To grasp what’s actually happening right here, we have to take a look at complete_signal()
, because it unconditionally provides a SIGKILL
to the duty’s pending set:
sigaddset(&t->pending.sign, SIGKILL);
however why doesn’t it work? On the high of the perform now we have:
/*
* Now discover a thread we will get up to take the sign off the queue.
*
* If the principle thread needs the sign, it will get first crack.
* Most likely the least stunning to the typical bear.
*/
if (wants_signal(sig, p))
t = p;
else if ((sort == PIDTYPE_PID) || thread_group_empty(p))
/*
* There is only one thread and it doesn't should be woken.
* It'll dequeue unblocked indicators earlier than it runs once more.
*/
return;
however as Eric Biederman described, principally each thread can deal with a SIGKILL
at any time. Right here’s wants_signal()
:
static inline bool wants_signal(int sig, struct task_struct *p)
So… if a thread is already exiting (i.e. it has PF_EXITING
), it doesn’t need a sign. Think about the next sequence of occasions:
1. a activity opens a FUSE file, and doesn’t shut it, then exits. Throughout that exit, the kernel dutifully calls do_exit()
, which does the next:
exit_signals(tsk); /* units PF_EXITING */
2. do_exit()
continues on to exit_files(tsk);
, which flushes all information which can be nonetheless open, ensuing within the stack hint above.
3. the pid namespace exits, and enters zap_pid_ns_processes()
, sends a SIGKILL
to everybody (that it expects to be deadly), after which waits for everybody to exit.
4. this kills the FUSE daemon within the pid ns so it might probably by no means reply.
5. complete_signal()
for the FUSE activity that was already exiting ignores the sign, because it has PF_EXITING
.
6. Impasse. With out manually aborting the FUSE connection, issues will dangle endlessly.
It doesn’t actually make sense to attend for flushes on this case: the duty is dying, so there’s no one to inform the return code of flush()
to. It additionally seems that this bug can occur with a number of filesystems (something that calls the kernel’s wait code in flush()
, i.e. principally something that talks to one thing outdoors the native kernel).
Particular person filesystems will should be patched within the meantime, for instance the repair for FUSE is here, which was launched on April 23 in Linux 6.3.

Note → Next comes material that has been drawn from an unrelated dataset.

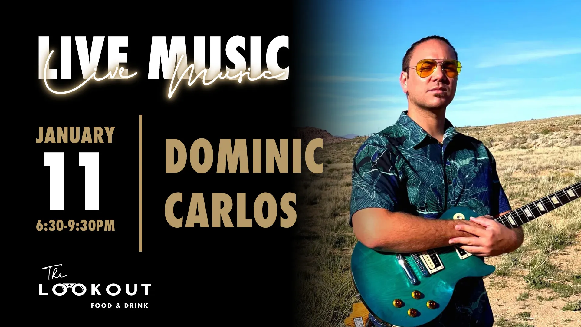 Enjoy LIVE music by Dominic Carlos at The LookOut while enjoying ono food and delicious cocktails! Come early for Pau Hana grindz from 4-6pm!

Whereas this weblog publish addresses FUSE deadlocks, there are positively points within the nfs code and elsewhere, which now we have not hit in manufacturing but, however nearly actually will. It’s also possible to see it as a symptom of other filesystem bugs. One thing to look out for you probably have a pid namespace that received’t exit.
That is only a small style of the number of unusual points we encounter working containers at scale at Netflix. Our crew is hiring, so please attain out for those who additionally love crimson herrings and kernel deadlocks!